Es war um den 20. Jänner. Snowboarden daheim, am Hausberg. Ja – wir durften uns auch zu den glücklichen Tiroler*innen zählen, die den Lockdown nutzten und viel Zeit am Berg verbrachten. Es war ein Samstag. Wir, das sind meine beiden zwölf und 14 Jahre alten Buben, saßen gerade am Lift. Propellerbrummen, ein Hubschrauber flog Richtung Kühtai. Ein Hubschrauber ist nichts Besonderes.

Es folgte ein zweiter Hubschrauber – und dann flog der erste wieder retour und dann gleich wieder über uns hinweg Richtung Kühtai. Man weiß dann einfach, dass irgendwo in der Nähe ein Lawinenabgang gewesen sein muss. Dass Bergretter*innen zur Unfallstelle geflogen werden. Das sind die Momente, in denen es einem kalt über den Rücken läuft und man einfach hofft, dass nichts Gröberes passiert ist.

Am späteren Nachmittag dann die ersten Meldungen. Eine MEGA-Lawine auf der linken Seite und eine auf der rechten, irgendwo unterhalb vom Stausee. Ein Bub im Alter von 16 Jahren ist in der Lawine gestorben. Betroffenheit. Stille.

I FELT, I HAVE TO SHARE THIS!

Einige Tage später, kurzer Swipe über das Handydisplay, ein routinemäßiger Instagram Check. Der Blick bleibt an einer sehr simplen Einstellung hängen. Ein leerer Stuhl auf einer Terrasse, blauer Himmel, es wirkt sehr kalt. Im Hintergrund eine imposante Bergkulisse und ein Paar Skischuhe. Von der rechten Seite kommt eine junge Frau ins Bild. Mit lilafarbener Winterjacke und dunkler Kappe. Sie setzt sich auf den Stuhl, schaut gerade aus in ihre Handykamera. Man spürt sofort, dass sie etwas sehr bewegt, der Blick fällt zum kurzen Text: „VERY IMPORTANT MESSAGE. Please listen.

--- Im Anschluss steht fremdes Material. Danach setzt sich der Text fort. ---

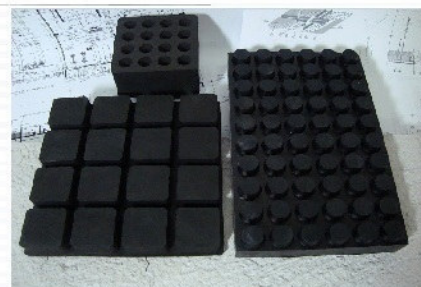
Placas encaixáveis com exclusivo PAD isolador Vibranihil

Es handelt sich bei der Frau um Arianna Tricomi, dreifache Freeride World Tour-Weltmeisterin. Sie war
im Zillertal dabei. Bei einem Lawinenabgang, wo ein 15-Jähriger verschüttet wurde. Sie war als eine der Ersten an der Unfallstelle. Der Bub verstarb Tage später im Krankenhaus in Innsbruck. Arianna erzählte, was passiert war und stellte Fragen: nach dem Umgang mit Bildern in sozialen Medien, nach unser aller Verantwortung. Der Verantwortung, von einem ganzen Business.

Ariana Tricomi
Ariana Tricomi / Quelle: www.instagram.com/ari_tricomi

Die Kamera bleibt konsequente neun Minuten und 30 Sekunden auf Arianna gerichtet. Die neun Minuten 30 machen betroffen. Die eigene Sterblichkeit zieht an einem vorbei. Die Lawine lastet auf einem selbst, es ziehen die Gesichter der eigenen Kinder vorbei. Die neun Minuten 30 gehen unter die Haut.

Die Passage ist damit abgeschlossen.